X_features = df.drop(target_column, axis=1)

# Standardize features
scaler = StandardScaler()
X_scaled = scaler.fit_transform(X_features)

# K-means for different K values
k_values = [2, 3, 4, 5]

kmeans_results = []
cluster_labels_dict = {}

for k in k_values:
    kmeans = KMeans(n_clusters=k, random_state=42, n_init=10)
    labels = kmeans.fit_predict(X_scaled)

    inertia = kmeans.inertia_
    sil_score = silhouette_score(X_scaled, labels)

    kmeans_results.append({
        "K": k,
        "inertia": inertia,
        "silhouette": sil_score
    })

    cluster_labels_dict[k] = {
        "model": kmeans,
        "labels": labels
    }

kmeans_results_df = pd.DataFrame(kmeans_results)
kmeans_results_df.sort_values("K")

In [None]:
# Elbow plot (K vs inertia)

plt.plot(kmeans_results_df["K"], kmeans_results_df["inertia"], marker="o")
plt.xlabel("Number of clusters (K)")
plt.ylabel("Total within-cluster sum of squares (Inertia)")
plt.title("Elbow Method for K-means")
plt.xticks(k_values)
plt.show()

# Silhouette plot (K vs silhouette)

plt.plot(kmeans_results_df["K"], kmeans_results_df["silhouette"], marker="o")
plt.xlabel("Number of clusters (K)")
plt.ylabel("Average Silhouette Coefficient")
plt.title("Silhouette Scores for Different K")
plt.xticks(k_values)
plt.show()

In [None]:
# Best K based on silhouette score and PCA visualization

best_k_idx = kmeans_results_df["silhouette"].idxmax()
best_k = int(kmeans_results_df.loc[best_k_idx, "K"])
print("Best K based on silhouette:", best_k)

best_labels = cluster_labels_dict[best_k]["labels"]

# PCA to 2D
pca = PCA(n_components=2)
X_pca = pca.fit_transform(X_scaled)

plt.scatter(X_pca[:, 0], X_pca[:, 1], c=best_labels, alpha=0.6)
plt.xlabel("PCA Component 1")
plt.ylabel("PCA Component 2")
plt.title(f"K-means Clusters (K = {best_k}) in PCA space")
plt.show()

# Attach cluster labels to original data and summarize

df_clusters = df.copy()
df_clusters["cluster"] = best_labels

cluster_summary = df_clusters.groupby("cluster").mean(numeric_only=True)
cluster_summary

## 6. Summary of Results (For PDF Report & Presentation)

From this notebook you will use the following in the **final PDF report** and **presentation**:

- `results_clf_df`: Table of Decision Tree configurations (criterion, train/test split, accuracy).  
- Confusion matrix plots: To comment on which class is harder to predict.  
- Best Decision Tree visualization: To highlight important features and example rules.  
- `kmeans_results_df`: Table of K vs inertia vs silhouette to justify best K.  
- Elbow and silhouette plots: Visual justification for chosen K.  
- PCA cluster plot and `cluster_summary`: To describe cluster profiles and relate them to water quality.

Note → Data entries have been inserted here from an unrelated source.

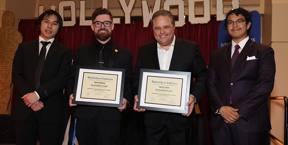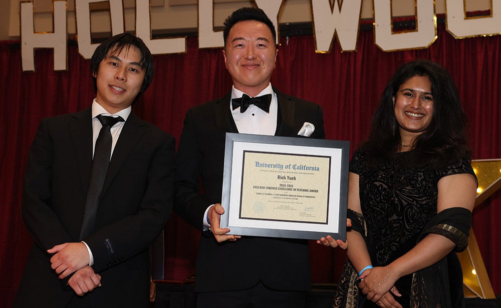 “The faculty of the School of Business are world-renowned scholars, teachers, and mentors. Each year, the school provides students an opportunity to give awards to the professors who have impacted their academic journey,” said Ishita Singhal ’25 MBA, president of the A. Gary Anderson Graduate School of Management Student Association, who was one of the evening’s student presenters.
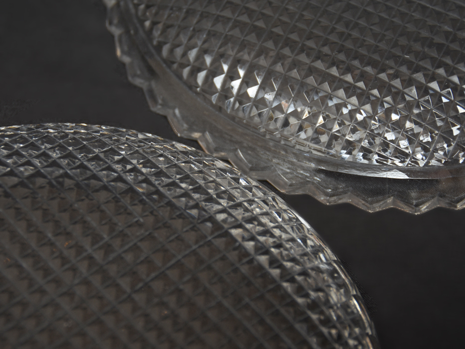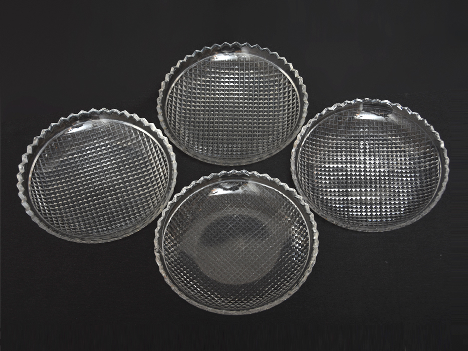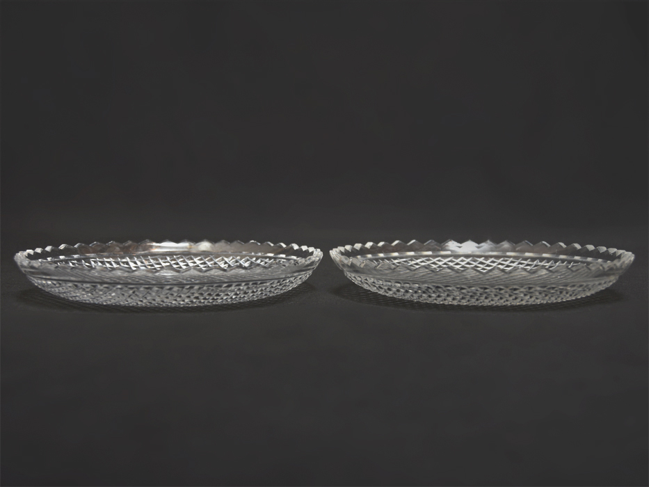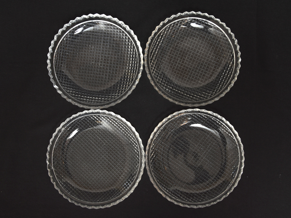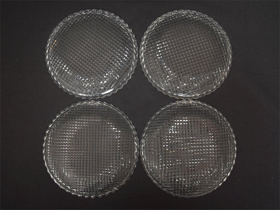 時代 切子 ガラス 魚子紋 銘々皿 4客 江戸切子 薩摩切子 ギヤマン 工芸ガラス glass 硝子 クリスタル |
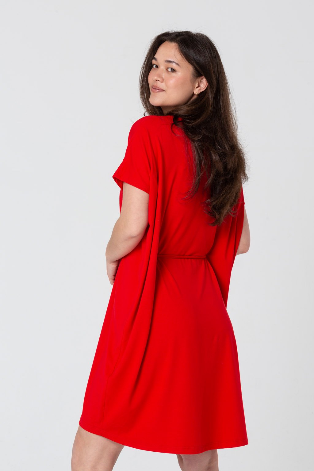 ZOE jsou krátké variabilní šaty, které díky dvěma šňůrkám můžete jednoduše proměňovat. Uvažte je dozadu, dopředu, na boky nebo asymetricky. Úplet z viskózy krásně splývá, díky přepadlým rukávům mají velkorysý střih a jsou maximálně pohodlné. Doporučujeme kombinovat s našimi designovými legínami, nebo nechat vyniknout samostatně. Vyberte si z provedení v blankytně modré, jasně červené a klasické černé.
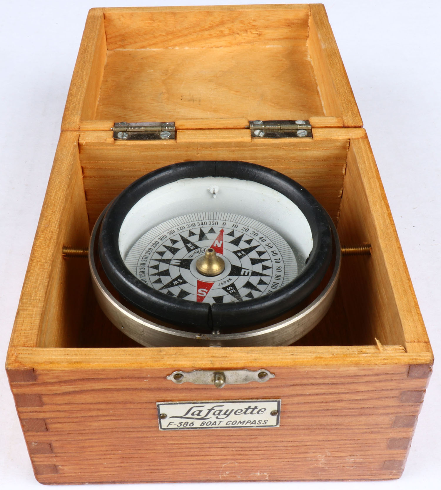 La Fayette F-386 Boat Compass in wood box, 4 3/4'' X 4 3/4'' X 3 1/2'', very nice box & compass works well. Grade: Excellent - Value: 30 to 200
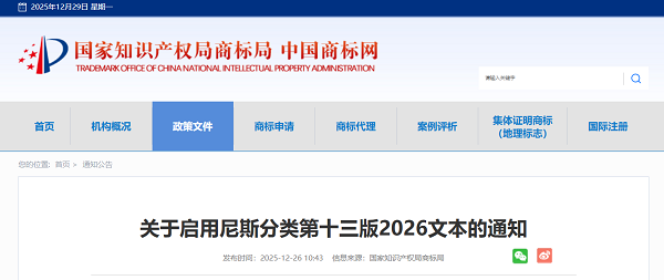 广而告之 | 国家知识产权局商标局关于启用尼斯分类第十三版2026文本的通知
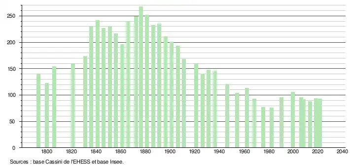 L'évolution du nombre d'habitants est connue à travers les recensements de la population effectués dans la commune depuis 1793. Pour les communes de moins de 10 000 habitants, une enquête de recensement portant sur toute la population est réalisée tous les cinq ans, les populations légales des années intermédiaires étant quant à elles estimées par interpolation ou extrapolation[21]. Pour la commune, le premier recensement exhaustif entrant dans le cadre du nouveau dispositif a été réalisé en 2008[22].
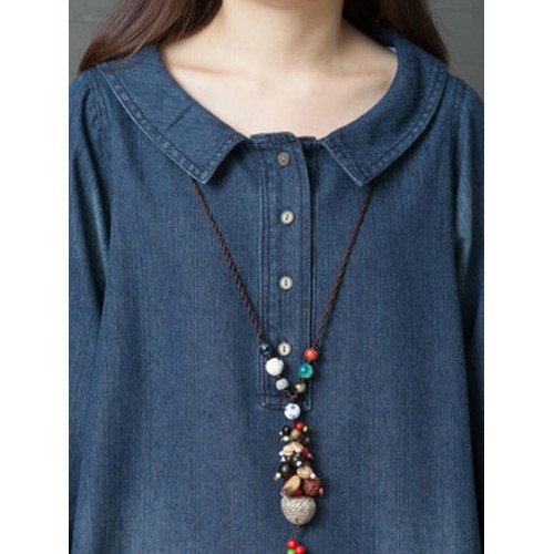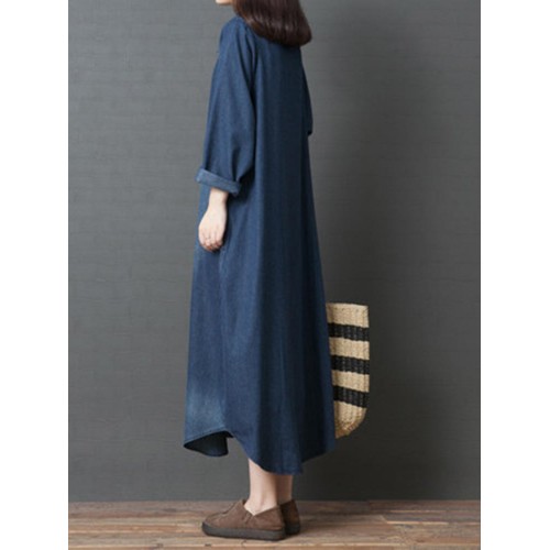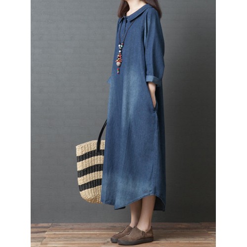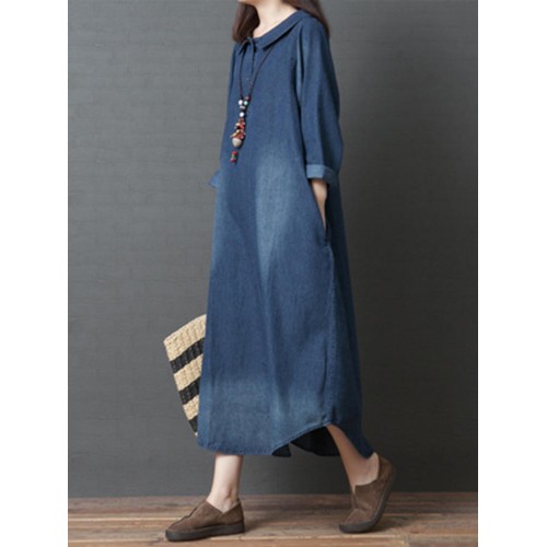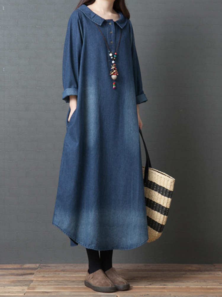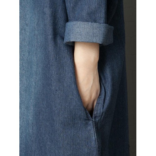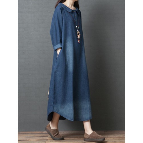 Women Long Sleeve Doll Collar Denim Blue Long Shirt Dress
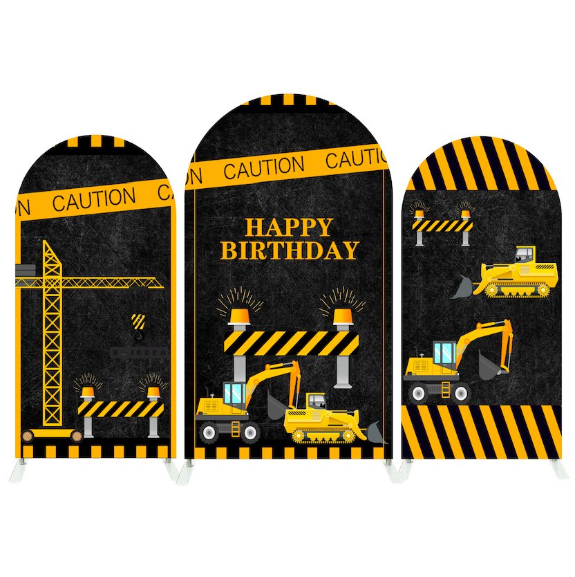 Under Construction Equipment Vehicles Truck Arch Backdrop Wall Cloth Cover For Birthday Baby Shower Party
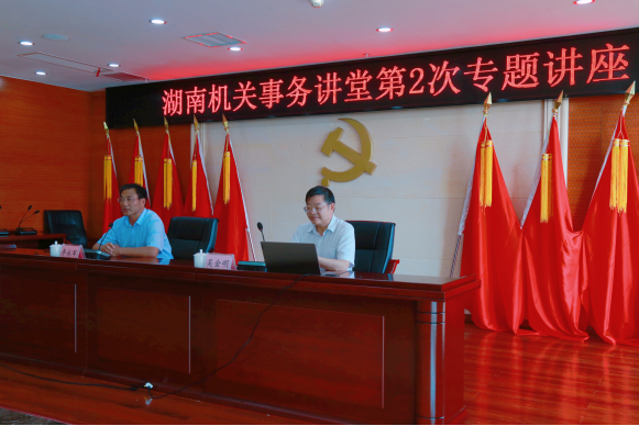 为全面深入学习贯彻习近平新时代中国特色社会主义思想,推动“政治机关、行政机关、服务机关、专业机关、清廉机关”建设,更好地提升党员干部干事创业本领,省机关事务管理局于9月26日组织开展湖南机关事务讲堂第2次学习活动。本次讲堂由中南大学商学院教授、湖南省政协经科委主任、九三学社湖南省委副主委吴金明主讲,主题为《落实“三高四新”战略 建设节约型机关》。
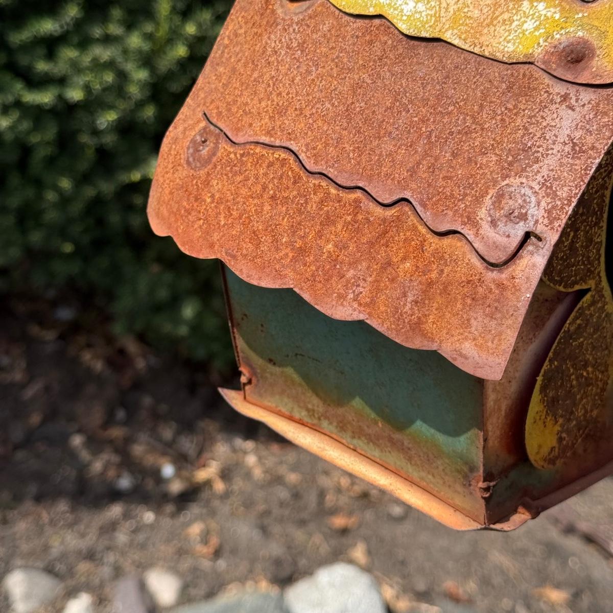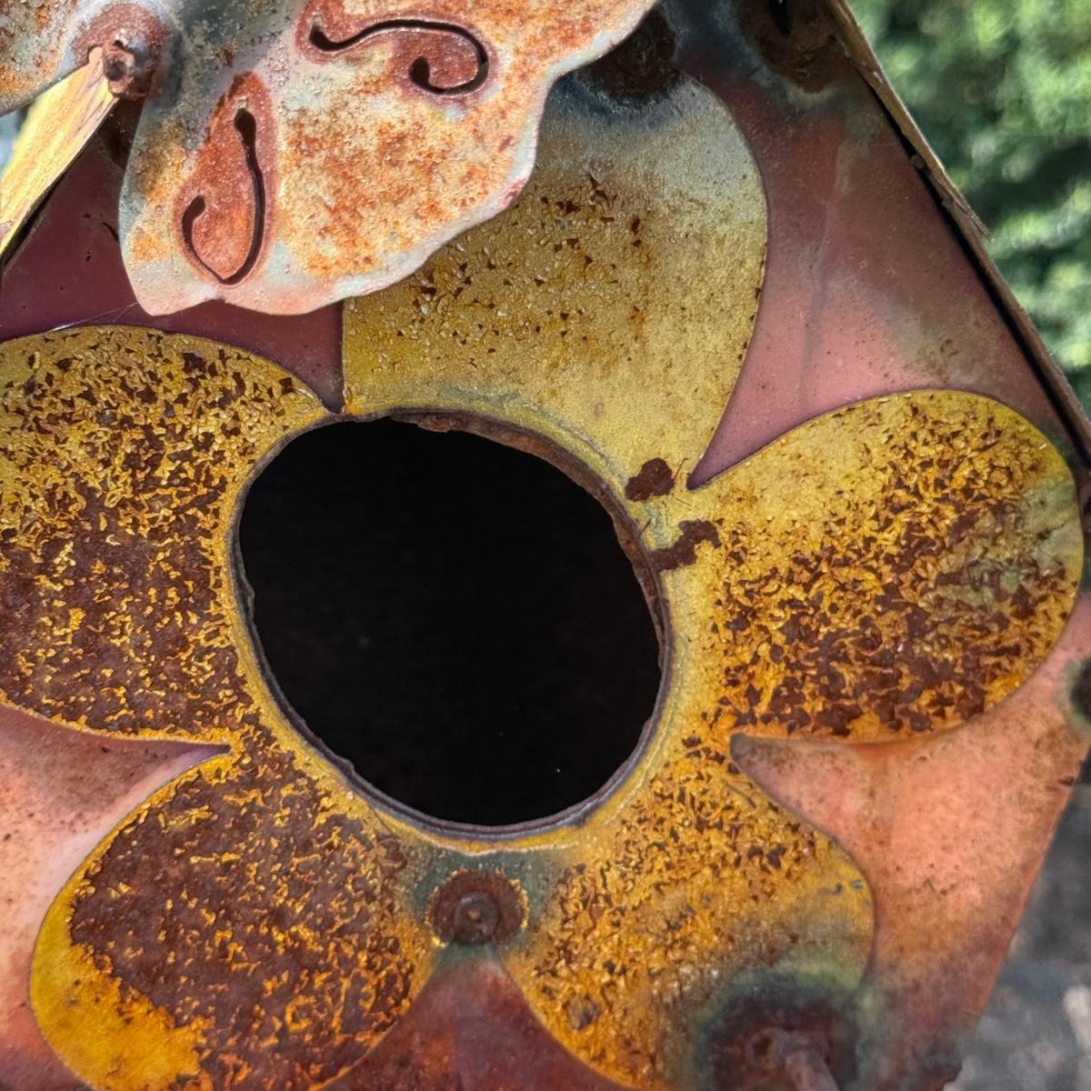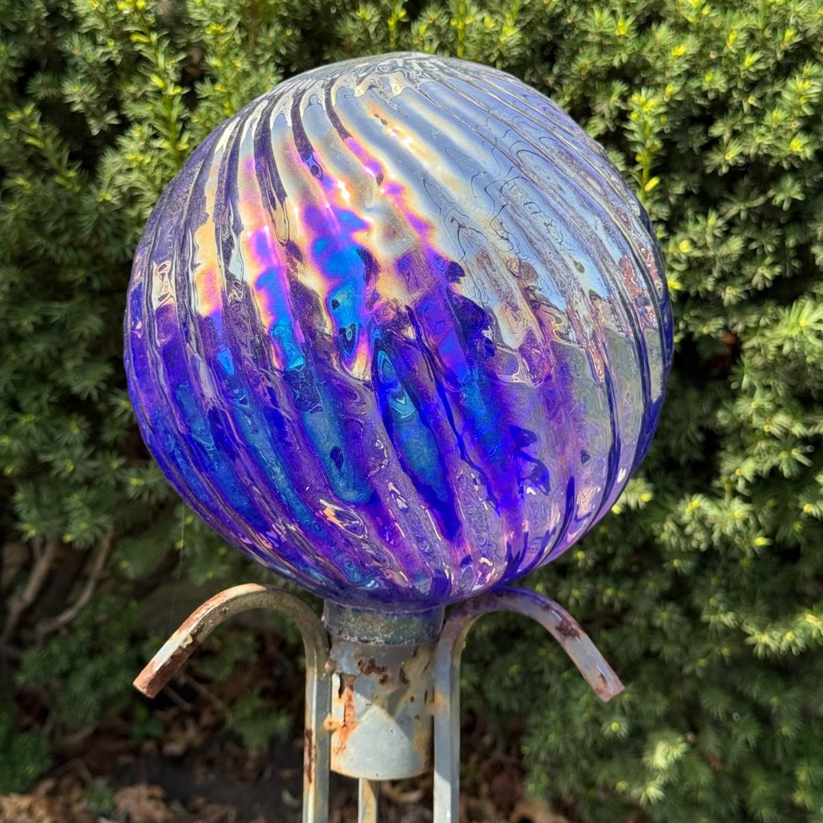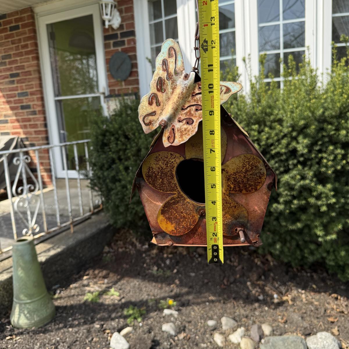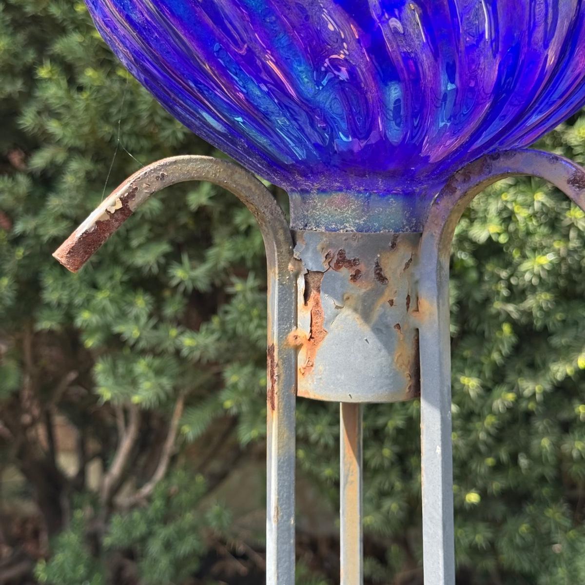 LOT 30: Garden Stake Metal Birdhouse w/ Shepherd's Hook, Wind Sculpture & Gazing Ball
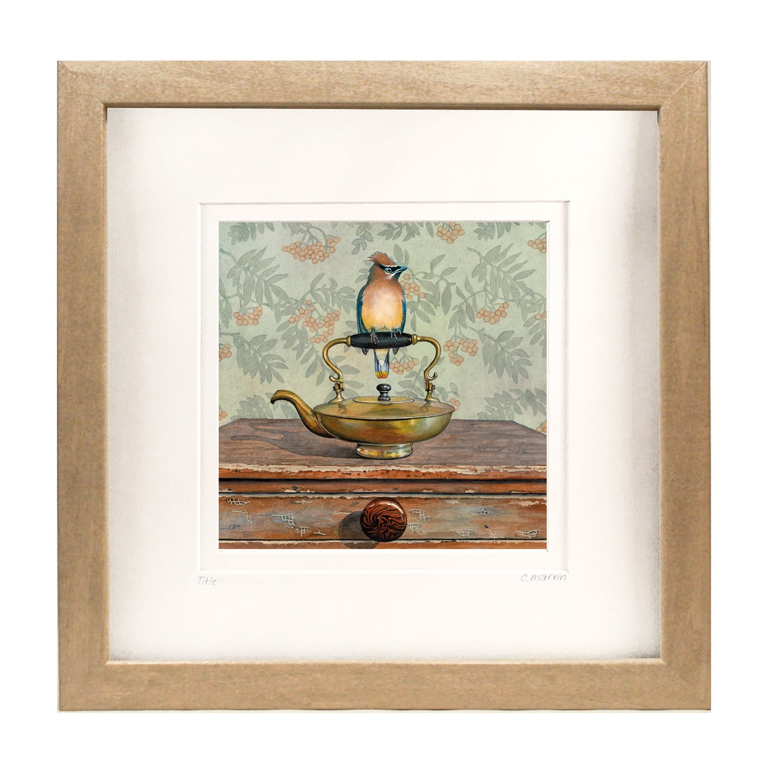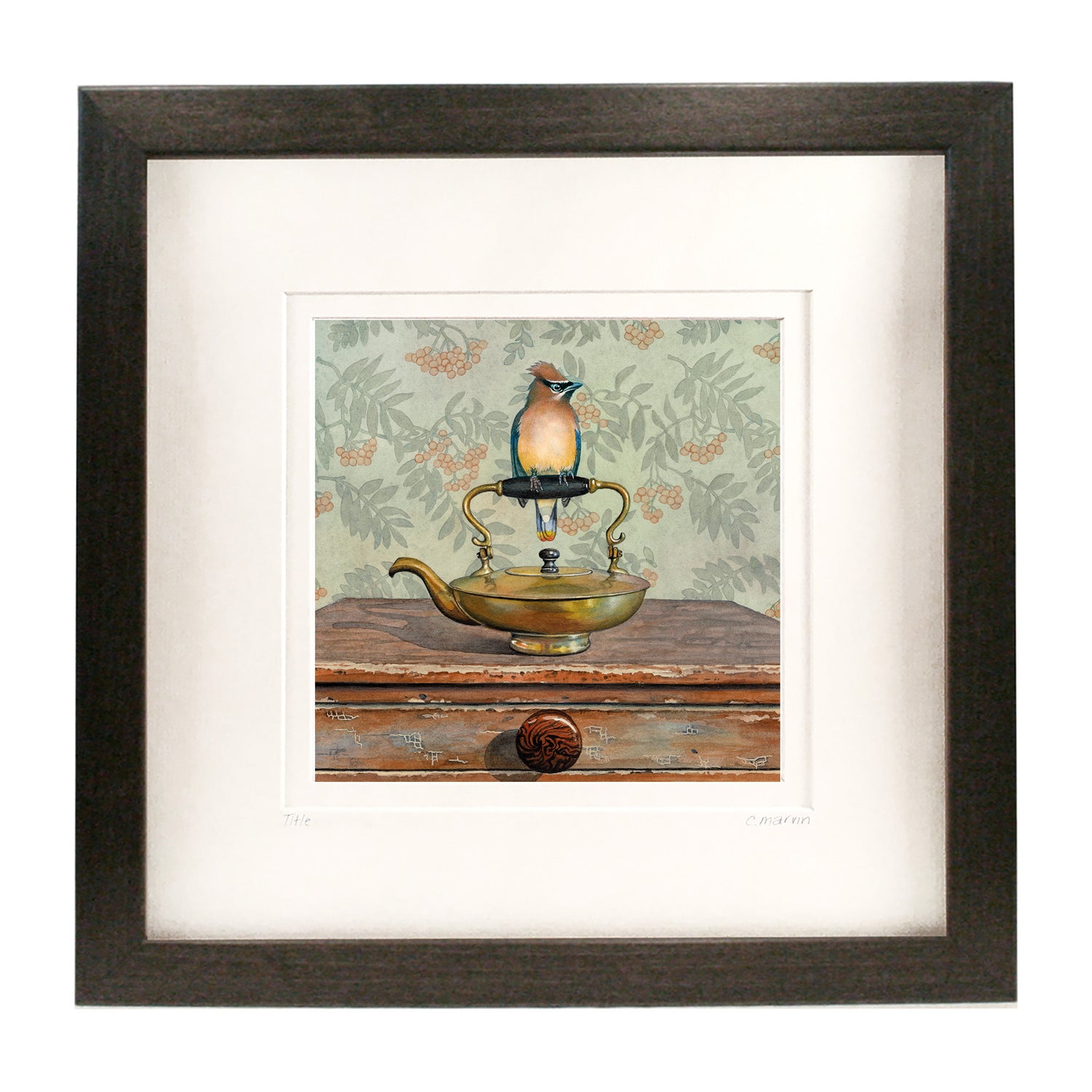Each framed, limited edition is numbered (minis excepted) and signed by hand from a series of 250 and is beautifully crisp, vibrant and clear. Inks are archival quality, with superior durability and light resistance. The gallery-style frame is made of basswood and is stained in your choice of colour: walnut, ebony or driftwood. The natural grain of the basswood comes through beautifully with these stains. On a wall, they have a lovely, yet unassuming presence that complements the subtlety of the original watercolour.
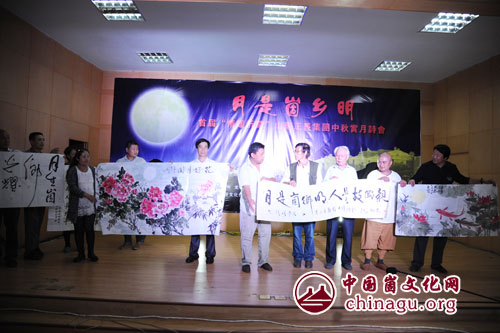书画家王守秘、王克桓、曹孟龙、王赵霞、石磊向诗会赠送书画作品。 丁军国摄

In the PDF report you will:

- Explain **why** you used each method and from which **package** (e.g., `DecisionTreeClassifier` and `KMeans` from `sklearn`).  
- Compare your results (even roughly) with the **research paper** results.  
- Provide a clear **discussion and conclusion** based on these outputs.

This notebook is the **technical backbone** for Phase 3 and will be linked in the GitHub submission.